Potential of a uniformyl charged sphere

[ehabmozart]

Homework Statement

The question asks to find the potential due to a uniformly charged sphere at r<R where R is the radius.

Homework Equations

Va-Vb= ∫ E dr from a → b

The Attempt at a Solution

My attempt was like this

Va is to be a the point of interest r.. Vb to be R... We know Vb to be KQ/R... Now E inside the sphere is KQr/R^3 .. After integration with respect to r we get (R^2-r^2)*Kq/2R^3 ... Thus the net potential at Va is Vb + the integral which is KQ/R + (R^2-r^2)*Kq/2R^3 ... However, this isn't the answer given.. Where was my mistake??

 

[mfb]

How does it differ from the answer given?
Note that it is possible to simplify your expression.

 

[ehabmozart]

How does it differ from the answer given?
Note that it is possible to simplify your expression.

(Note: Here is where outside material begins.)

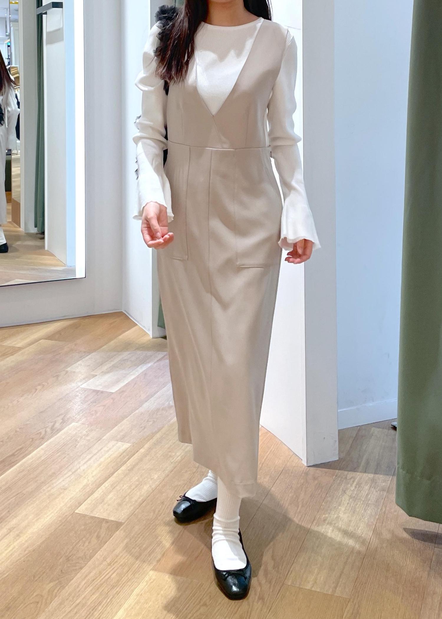 ROPÉ PICNICデザインポケットジャンパースカートベージュ / 36¥6,490レビュー合わせるインナーによってロングシーズンお使い頂けます。
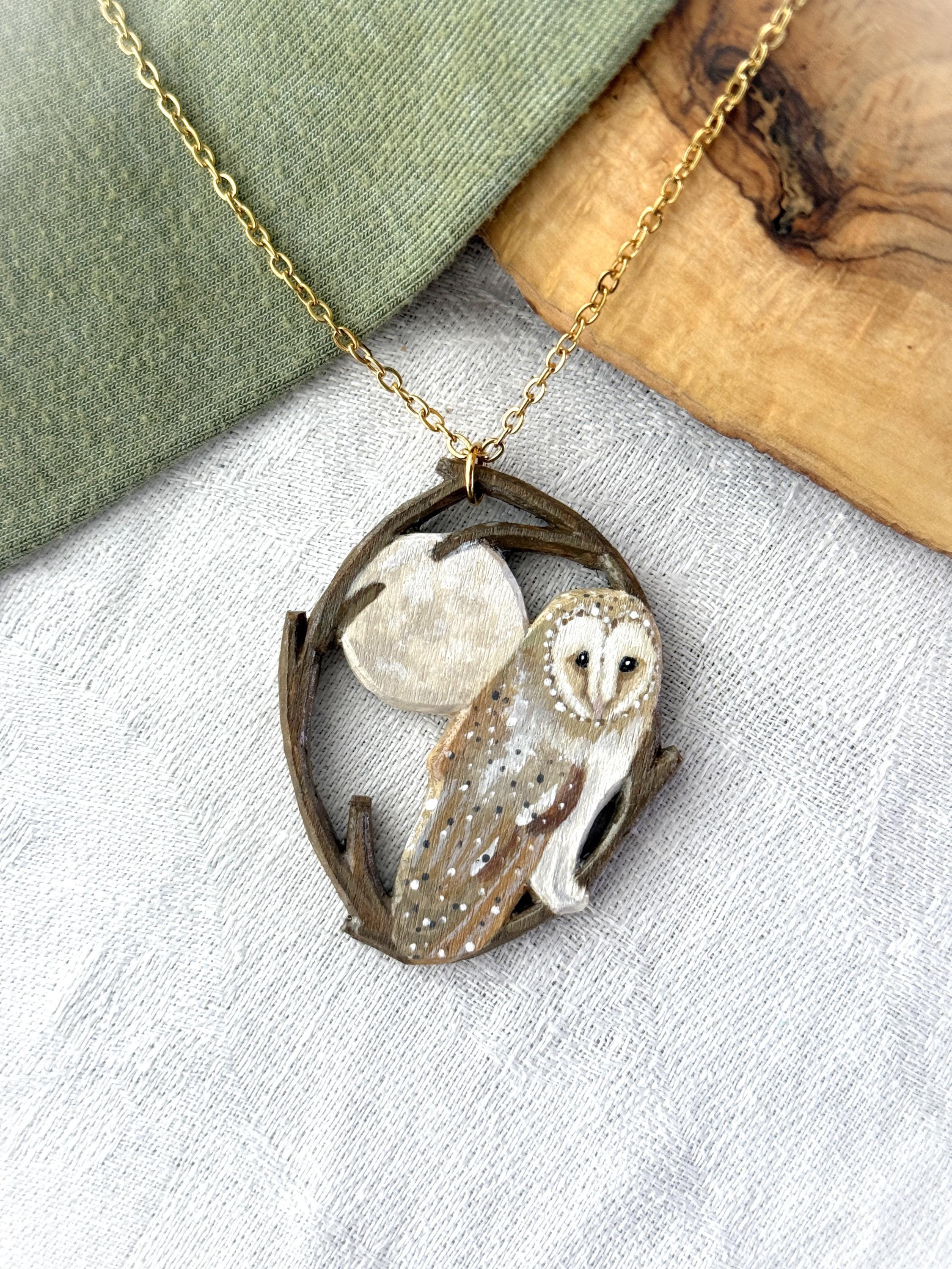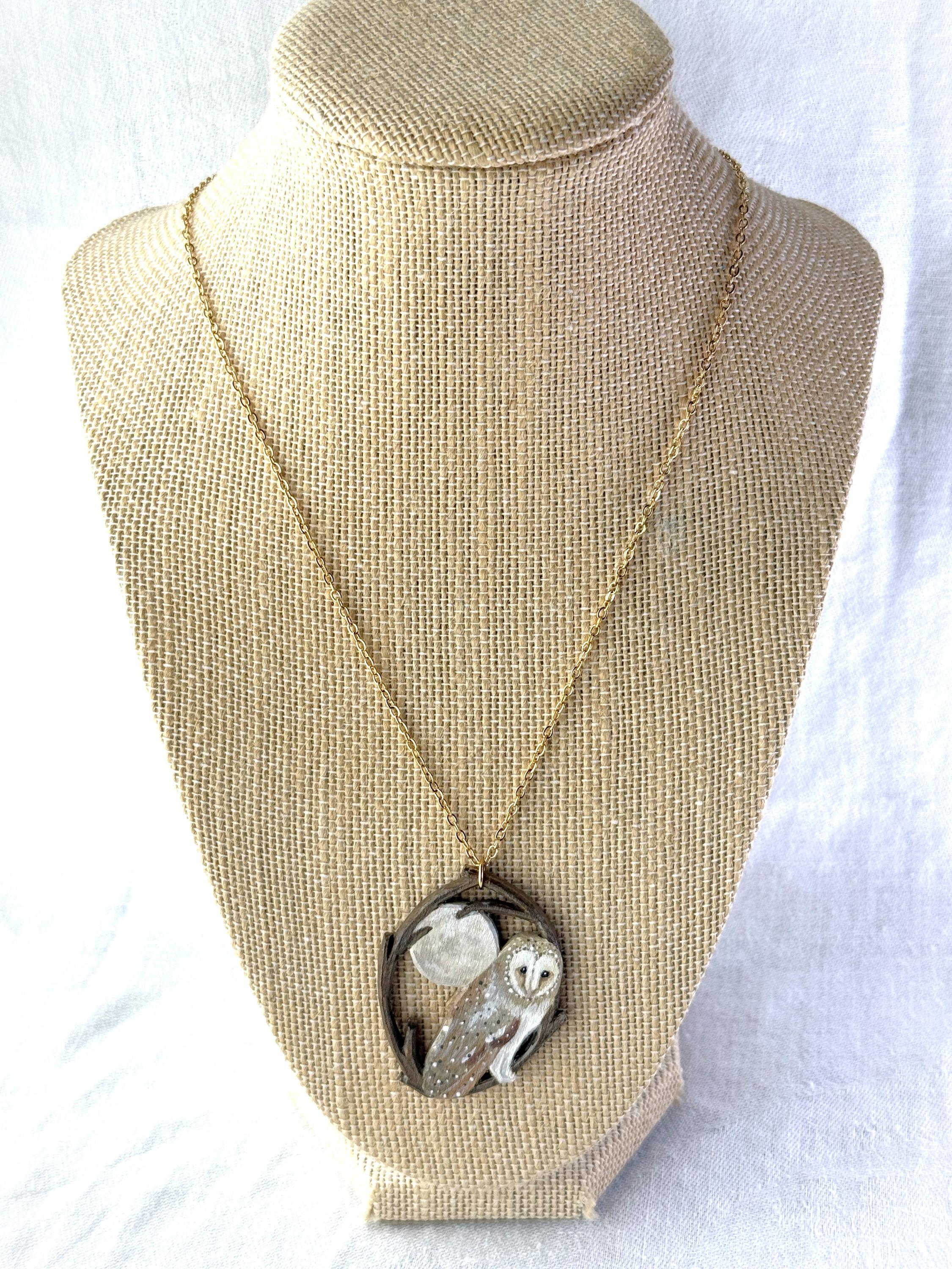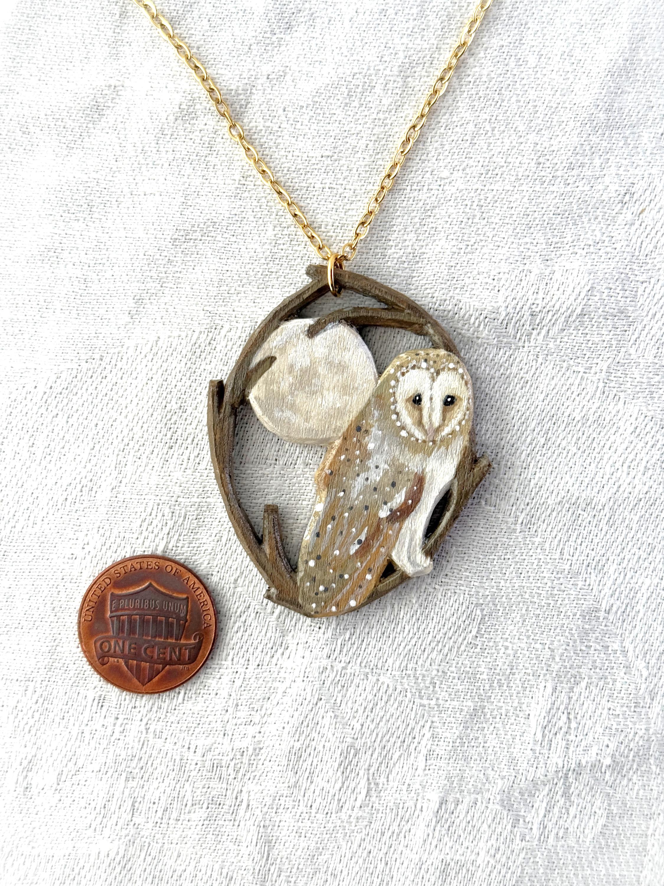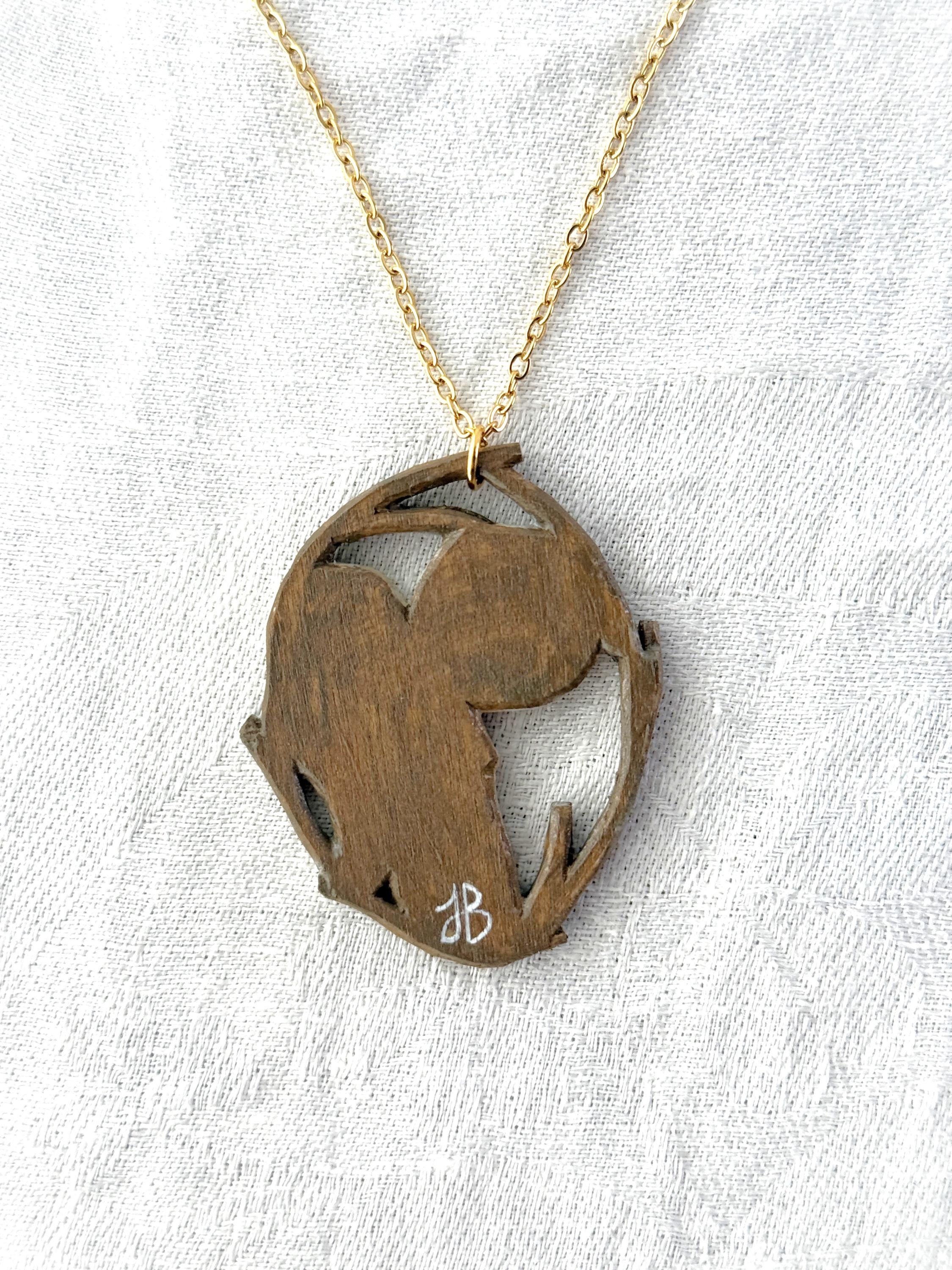 This original handcrafted necklace was carved and painted by hand in my studio and the piece you see in the photos is the exact one you will receive. They are made using acrylic paint on balsa wood with a stainless steel necklace chain for sensitive skin. Orders ship within 1-2 business days with tracking using USPS Ground Advantage Shipping.

I am not able to simplify.. Can you help me?

 

[mfb]

Just use (a-b)/c = a/c - b/c for (R^2-r^2)*Kq/(2R^3).

 

[Nickie]

Your attempt at solving this problem is correct, however, there may be a few small errors in your calculations. First, the electric field inside a uniformly charged sphere is given by E = (KQr)/R^3, not KQr/R^3. This may have resulted in a slight error in your integration. Additionally, when integrating from a point r to R, the limits of integration should be r and R, not 0 and R. Finally, when calculating the potential at point Va, you should subtract the potential at point Vb, not add it. This will result in the final answer of Va = (R^2 - r^2)KQ/2R^3. Keep in mind that this is only valid for points inside the sphere, as the potential outside the sphere is simply V = KQ/r. Overall, your approach and understanding of the problem is correct, just be sure to double check your calculations and take into account the limits of integration and the direction of the potential difference.